Cross-border flows plummeted in 2020 as the COVID pandemic swept the world, reinforcing doubts about the future of globalization. As we move into 2021, the latest data paint a clearer picture.
Global business is NOT going away, but the landscape is shifting, with important implications for strategy and management.
The COVID pandemic is not likely to send the world’s level of globalization below where it stood during the 2008~2009 global financial crisis (the worst setback for international trade and capital flows in decades), according to the 2020 edition of the DHL Global Connectedness Index. The index measures globalization based on more than 3.5 million data points on trade, capital, information, and people flows.
The only part of the index showing an unprecedented collapse due to COVID is people flows. Trade has rebounded strongly, capital flows are recovering, and digital information flows have surged. Consider the business implications of developments in each of these four areas:
The rebound of world trade has surpassed even the most optimistic early forecasts. Trade in goods dropped faster in March and April 2020 than during the Great Depression and the global financial crisis. But it started growing again in June and rocketed all the way back to its pre-pandemic level by November. Despite early disruptions, trade turned out to be a lifeline for economics and health care systems. Trade in medical products and electronics (for working from home) soared, as social distancing shifted spending from local services (e.g., restaurants) to imported goods.
The trade turnaround should put to rest the idea that COVID is the last straw for global supply chains. Many companies have already shelved pandemic-era reshoring plans, recognizing that concentrating production at home often raises costs without boosting resilience. Diversification across efficient domestic and foreign production locations, along with investments in technology and inventory, usually makes more sense, and surveys show more companies embracing these strategies.
Expect supply chain shifts to accelerate when business travel opens up again, but with most pre-pandemic trends, such as China plus one sourcing, continuing.

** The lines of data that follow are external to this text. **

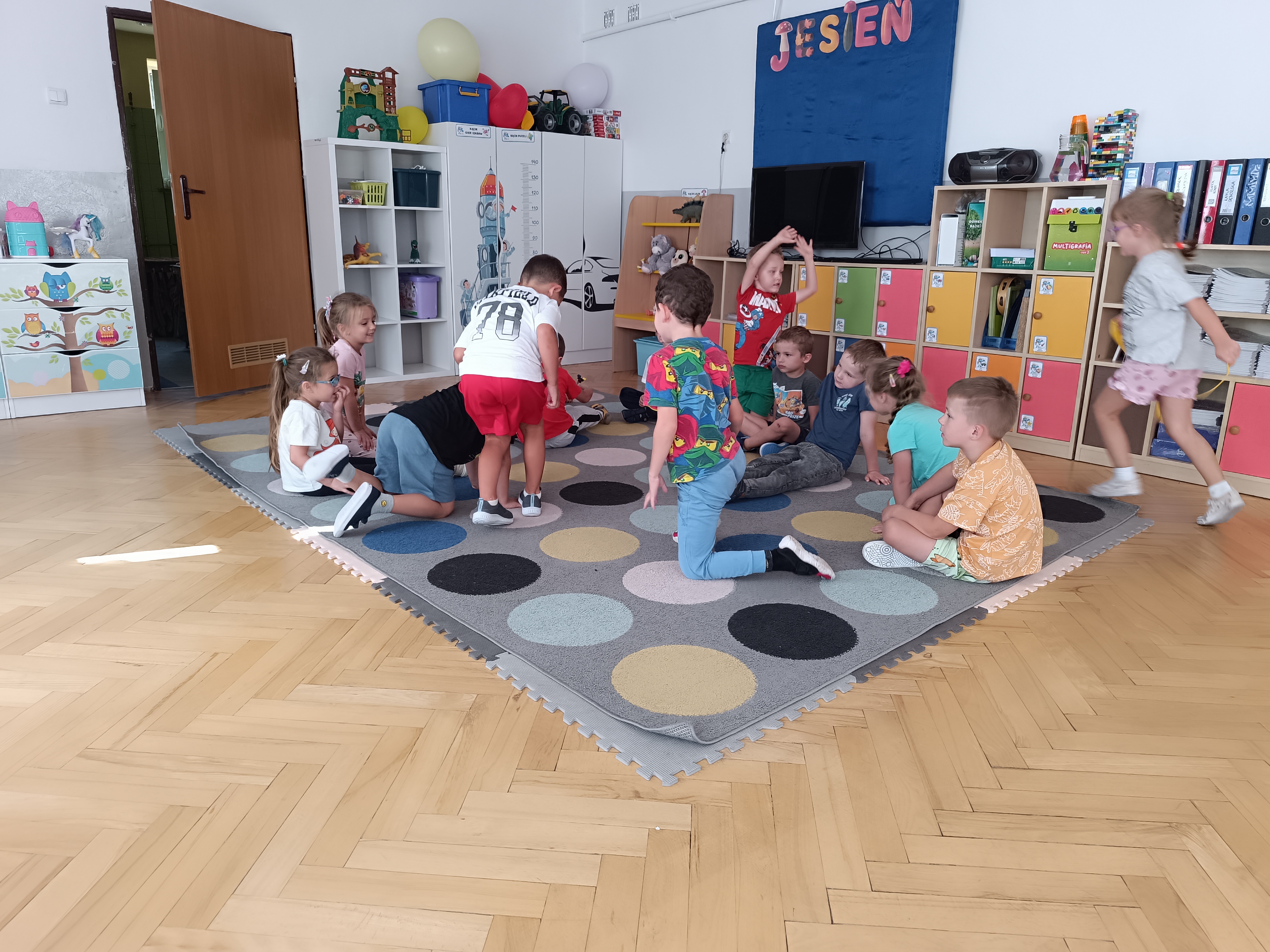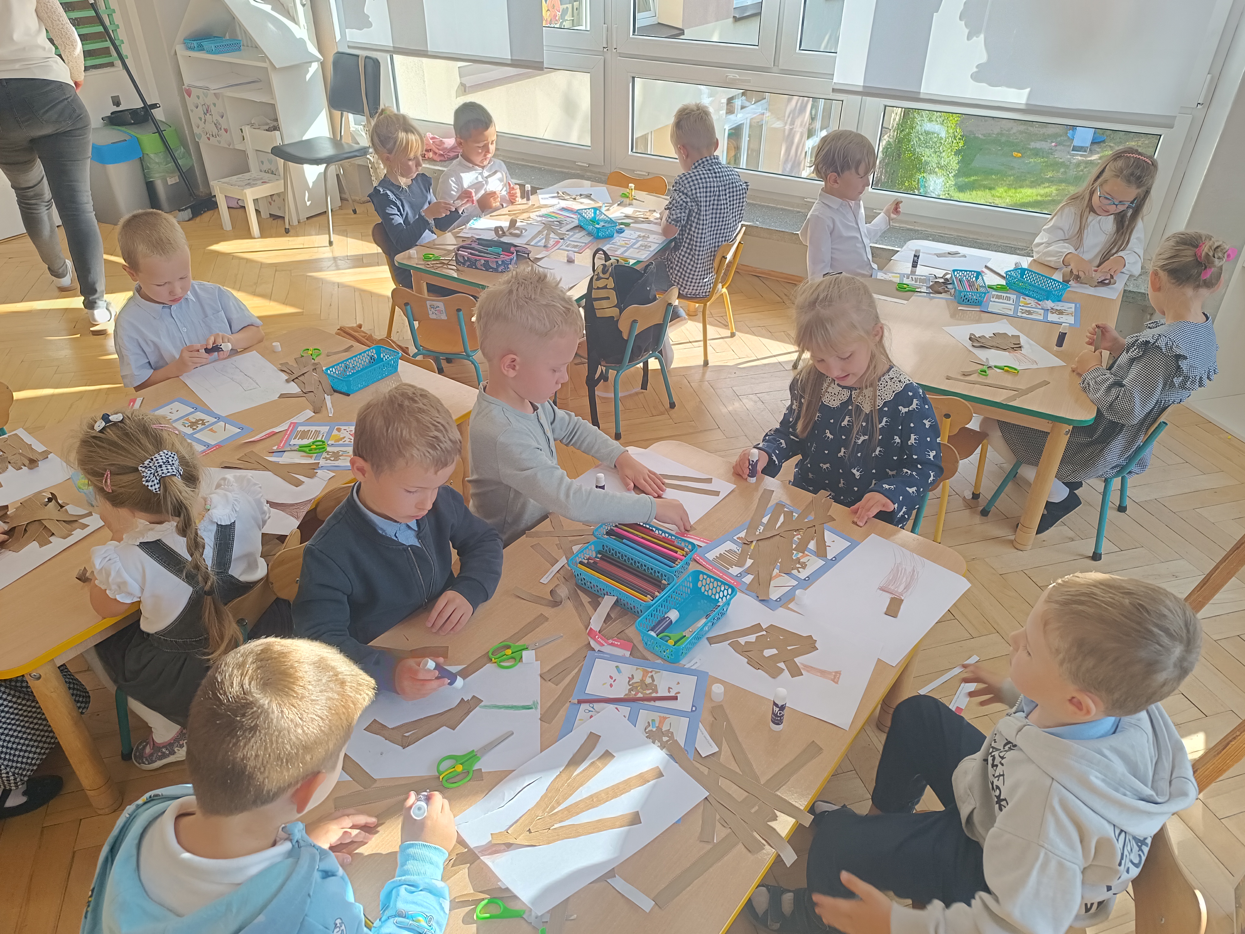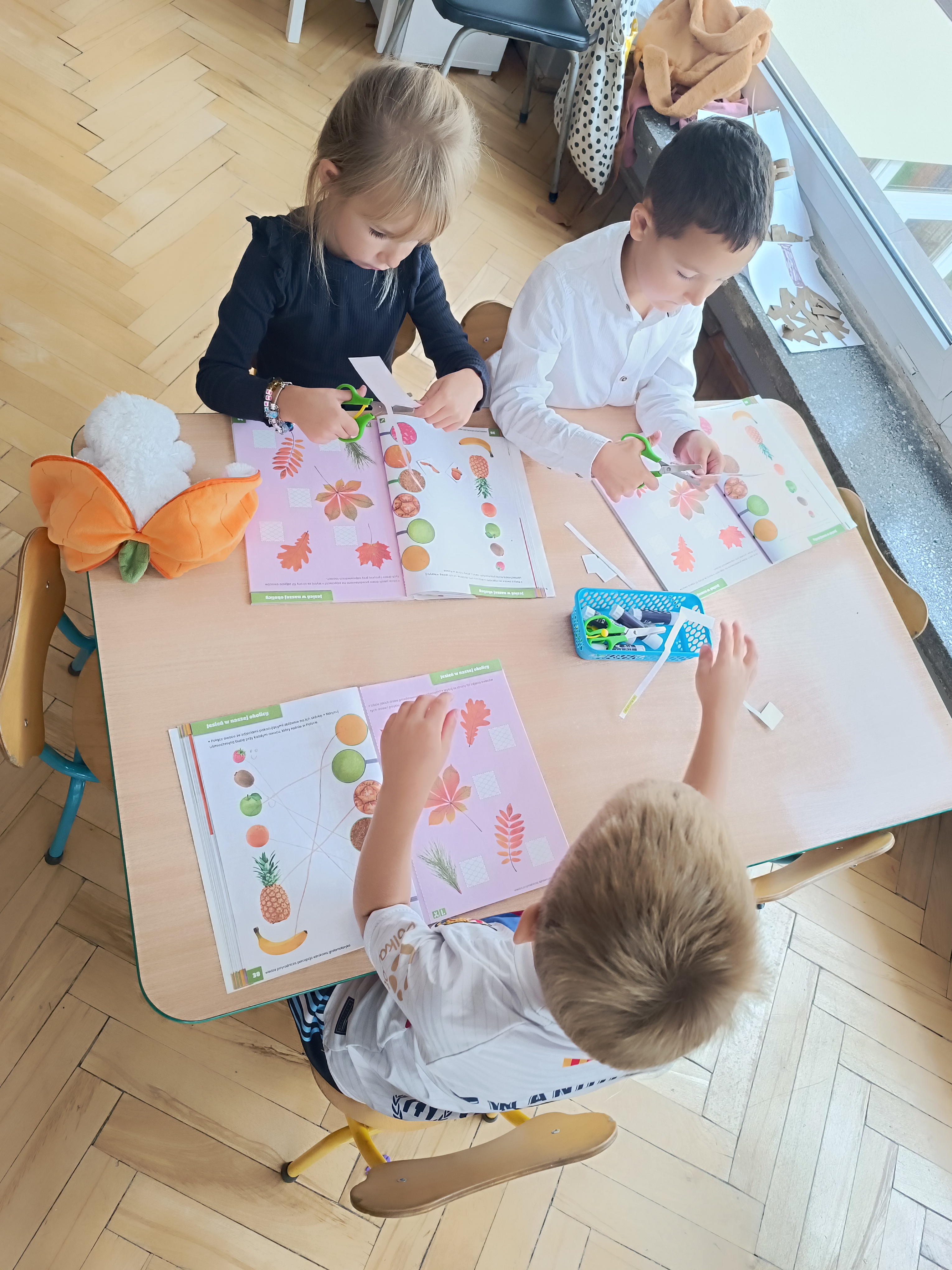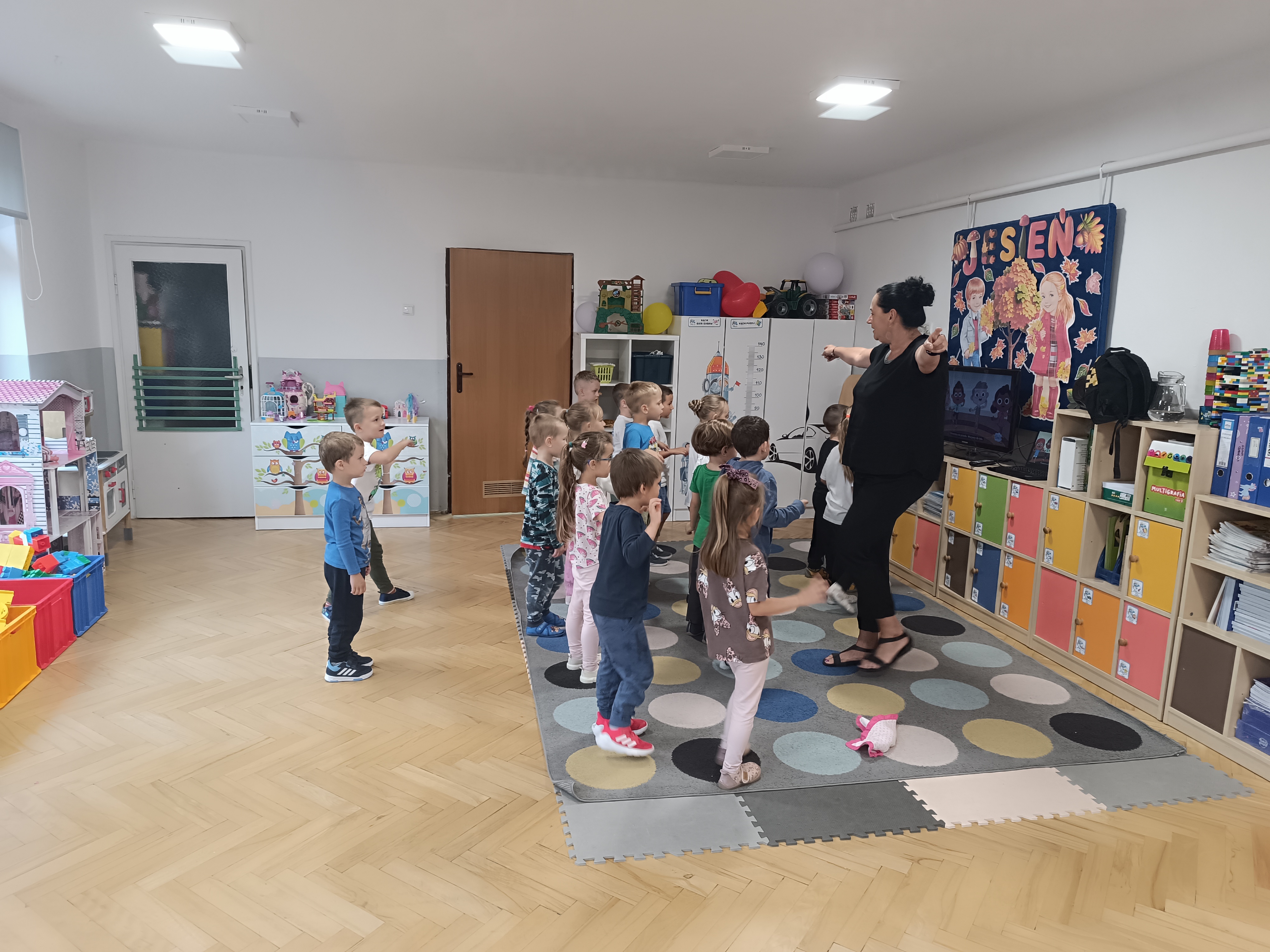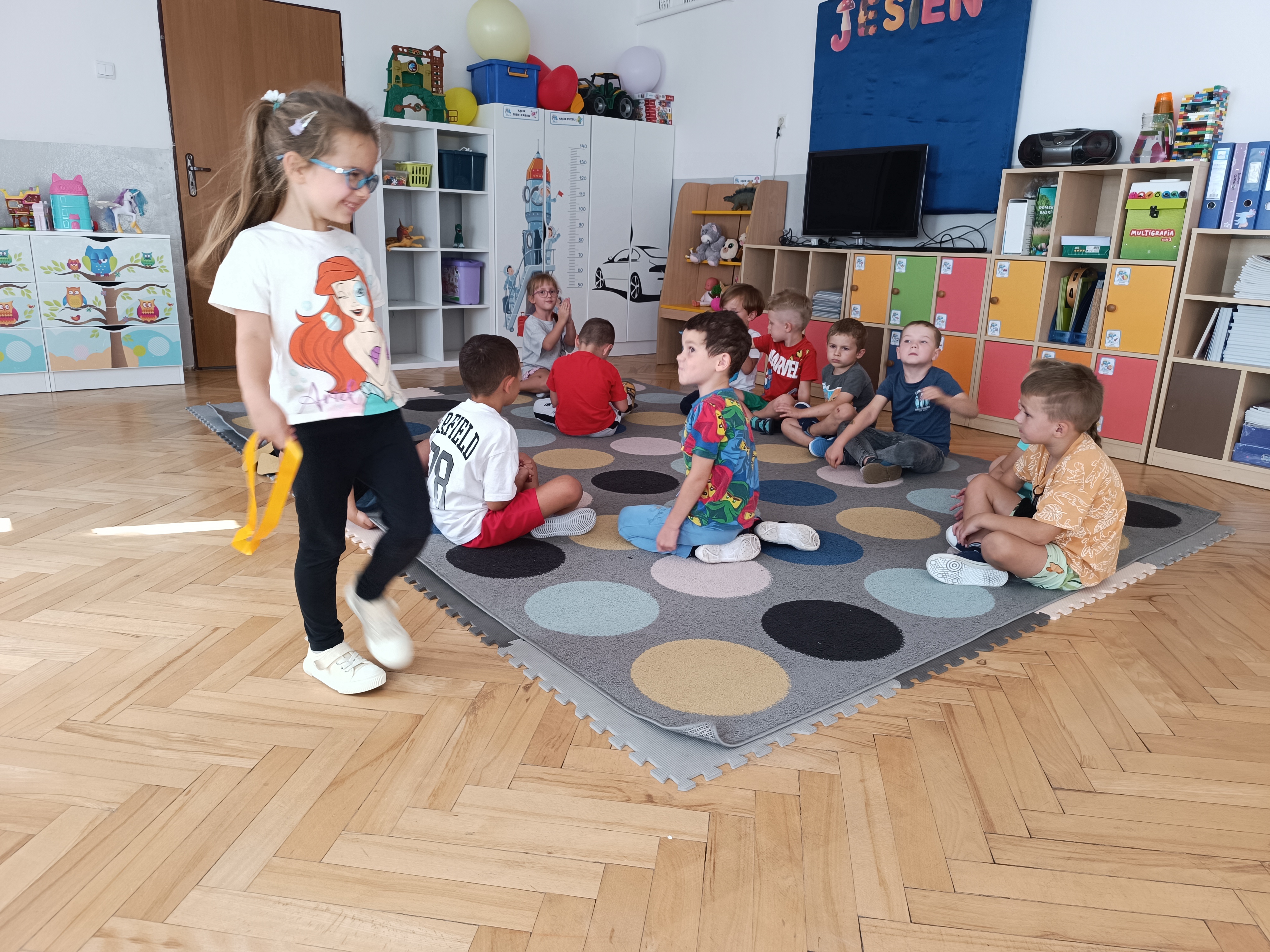W tym tygodniu pracowaliśmy w naszych kartach pracy, uczestniczyliśmy w przeróżnych zabawach ruchowych, ruchowo muzycznych, zabawach na dywanie " Chodzi lisek" ; " Stary niedźwiedź" ; " Wiewiórki do dziupli hop" , uczyliśmy się piosenki " Kolorowe listki" naśladując ruchy naszej Pani.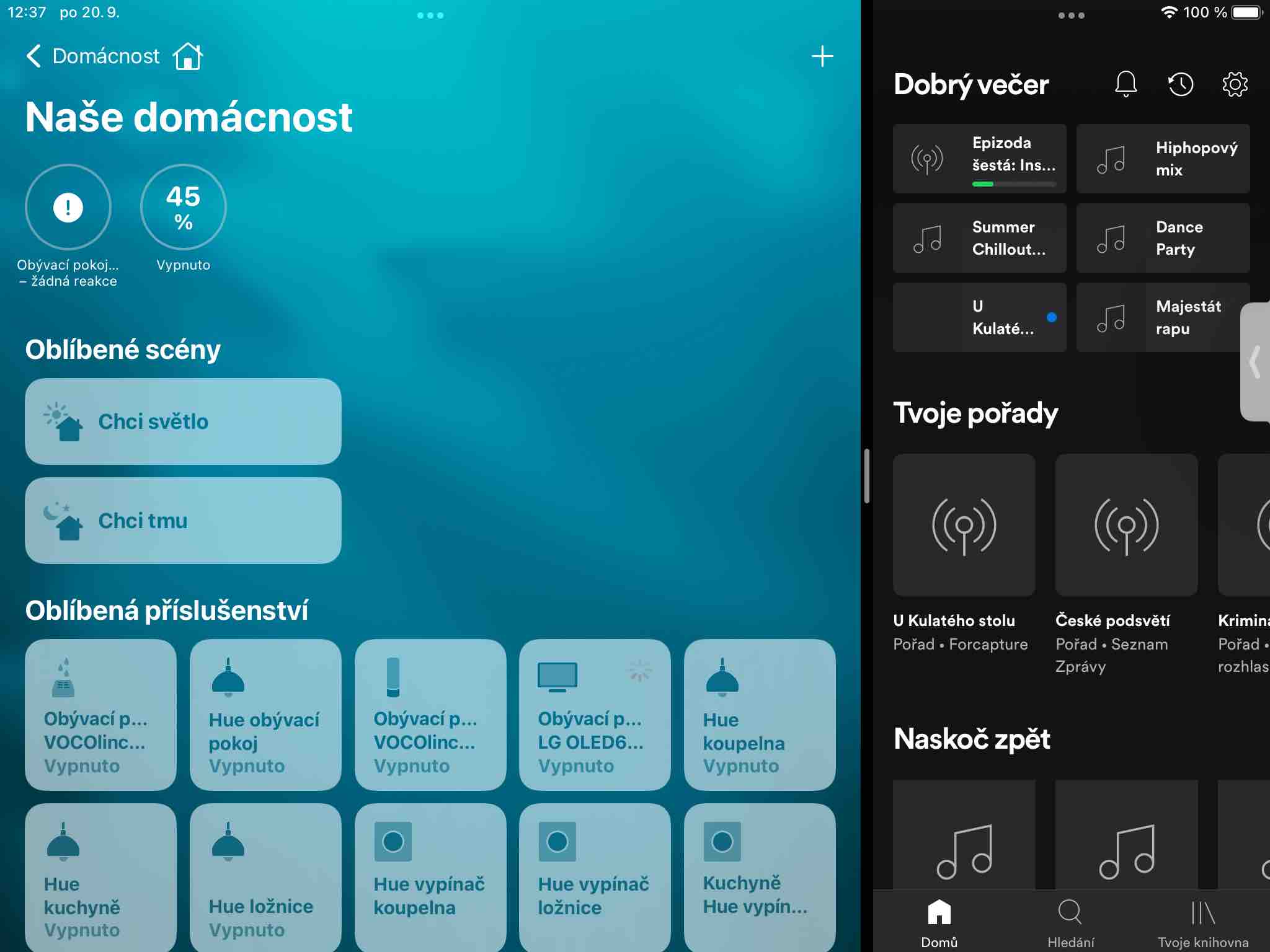 Nový iPadOS 15 jsem testoval konkrétně na iPadu 6. generace z roku 2018 – tedy na víceméně průměrném zařízení, u kterého iPadOS nenarazí na nedostatek výkonu, ale ani na jeho přehršel. Přiznám se, že zprvu mě nový systém příliš neoslovil, protože v prvních betách tablet jednak relativně zpomalil a jednak se systém poměrně výrazně sekal. Ani výdrž na tom nebyla v porovnání s veřejnými verzemi iPadOS 14 příliš vesele, což dělalo z testovacího iPadu kousek využitelný tak trochu za trest. Postupem času se sice stabilita a rychlost systému dostala na velmi uspokojivou úroveň, ale abych byl upřímný, ani po instalaci finální bety iPadOS 15 nemám tak úplně pocit, že mám v ruce tablet se systémem pro veřejnost. Na veřejný iPadOS 14 totiž co do svižnosti stále tak úplně nemá a co mě překvapuje ještě více, nevyhýbají se mu ani pády aplikací a to dokonce ani těch nativních. Jakmile je otevřete ve full screenu, většinou se udrží a jde s nimi pracovat. Pokud však chcete využívat multitasking, který mám osobně na iPadech velmi rád a přijde mi, že je jejich suverénně nejsilnější zbraní, s pády aplikací se můžete setkávat docela často. V mém případě padá poměrně ráda aplikace Domácnost, vedle které mi běželo Apple Music a řada dalších nativních aplikací. Stejná situace je i u Spotify, které v multitaskingu vedle domácnosti rádo padá.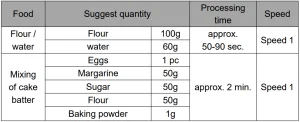 - Please pay attention to the container’s capacity line. Once the food reaches the max line, please stop the operation and pour out the food.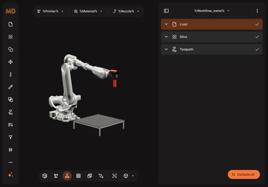 该产品将Massive Dimension的挤出硬件与Aibuild可靠且久经行业考验的软件平台强强融合。MD Software集成了Aibuild的功能,包括参数化切片方法、分析工具以及Mold Designer等自动化设计解决方案,旨在提升Massive Dimension挤出设备的性能。Aibuild首席执行官兼联合创始人Daghan Cam表示:“与Massive Dimension的合作,标志着Aibuild向全平台化扩展模式迈出了坚实一步。我们能够针对合作伙伴硬件的特性,量身定制解决方案,同时保障工厂车间的系统完整性。”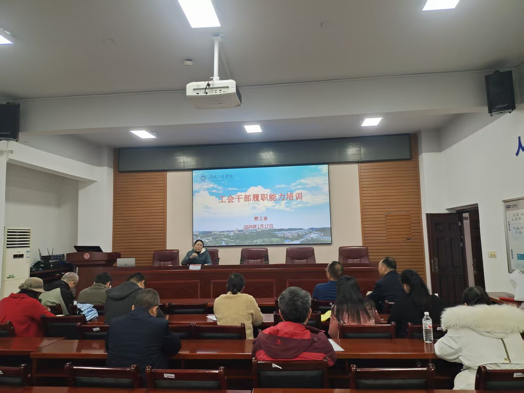 2026年1月17日,校工会举办“工会干部履职能力培训班”,来自校工会委员会委员,各分工会主席、委员,工会工作人员在“理论学习+业务学习+实地教学”三位一体课堂中完成新年第一次集体“充电”,为助力学校“135工程”建设积蓄动能。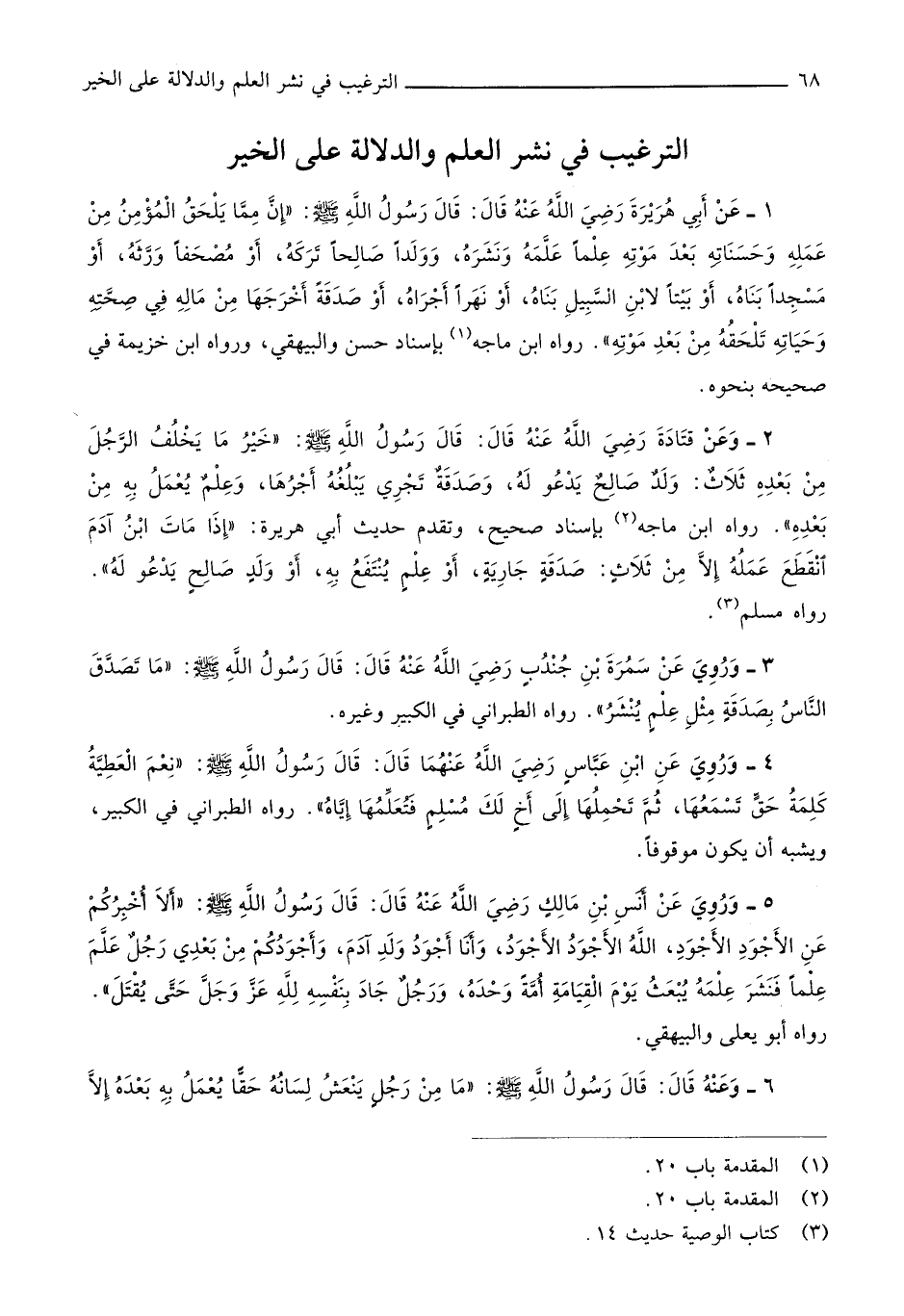 7 - التَّرْغِيب فِي نشر الْعلم وَالدّلَالَة على الْخَيْر

With trade still flowing, companies risk falling behind competitively if they miss out on imported inputs or export sales.
Cross-border investment flows were hit even harder than trade by COVID. Investors withdrew record amounts of portfolio capital from emerging markets at the onset of the pandemic, but these flows quickly stabilized and then rallied in late 2020. Bold fiscal and monetary policy responses have prevented the COVID crisis from turning into another global financial crisis.
International corporate investment is still subdued going into 2021. Foreign direct investment flows, which involve companies buying, building, or reinvesting in operations abroad, fell 42% in 2020, to a level last seen in the 1990s. Firms are understandably cautious about investing in new “greenfield” expansion amid a fragile and uneven economic recovery. However, international mergers and acquisitions started to show signs of a pickup in late 2020, and the international share of M&A activity held steady last year. Corporate dealmakers do not appear to have become more averse specifically to international transactions.
Before the pandemic, there were signs of a slowdown in the globalization of information flows. The growth of international internet traffic, phone calls, royalties, and scientific collaboration had all diminished. But then digital flows surged as the pandemic sent work, play, and education online.
International internet traffic soared 48% from mid-2019 to mid-2020, and international telephone call minutes rose 20% in March versus the same month the previous year. According to one study, cross-border e-commerce sales of discretionary goods spiked 53% in the second quarter of 2020. All that said, though, domestic data and calls have also grown significantly during the pandemic. So we can’t say yet whether information flows have become more (or less) globalized in 2020.
While trade, capital, and information flows all had positive roles to play in the pandemic response, personal mobility had to be restricted to curb transmission of the virus, prompting this year’s unprecedented decline in people flows. The number of people traveling to foreign countries fell 74% in 2020. International travel is not expected to return to its pre-pandemic level before 2023.
Business trips were just 13% of international travel before the pandemic, but they play key roles in facilitating trade, investment, and the management of global corporations. Travel supporting companies’ external sales and business development agendas is expected to recover before travel for internal company meetings and participation in conferences and trade shows. This implies that managers in multinational corporations should pay special attention over the medium-term to the effects of travel restrictions on internal team functioning and learning and innovation. Remember that global teams are more vulnerable than domestic teams to misunderstandings and breakdowns of trust, especially after long periods without in-person contact.
So, the pandemic has not halted most types of international flows. Nor has it clearly turned the tide toward deglobalization moving forward. The DHL Global Connectedness Index 2020 also looks for evidence of the global economy fracturing into rival blocs. U.S.-China decoupling has advanced somewhat since the onset of the trade war in 2018, but these economies remain highly intertwined. China’s share of U.S. trade spiked during the pandemic, and American multinationals such as Walmart, Tesla, Disney and Starbucks continue to invest there. Moreover, the average distance across which countries trade has been on a modest rising trend since 2016. This casts double on the contention that we are seeing a big shift from globalization to regionalization.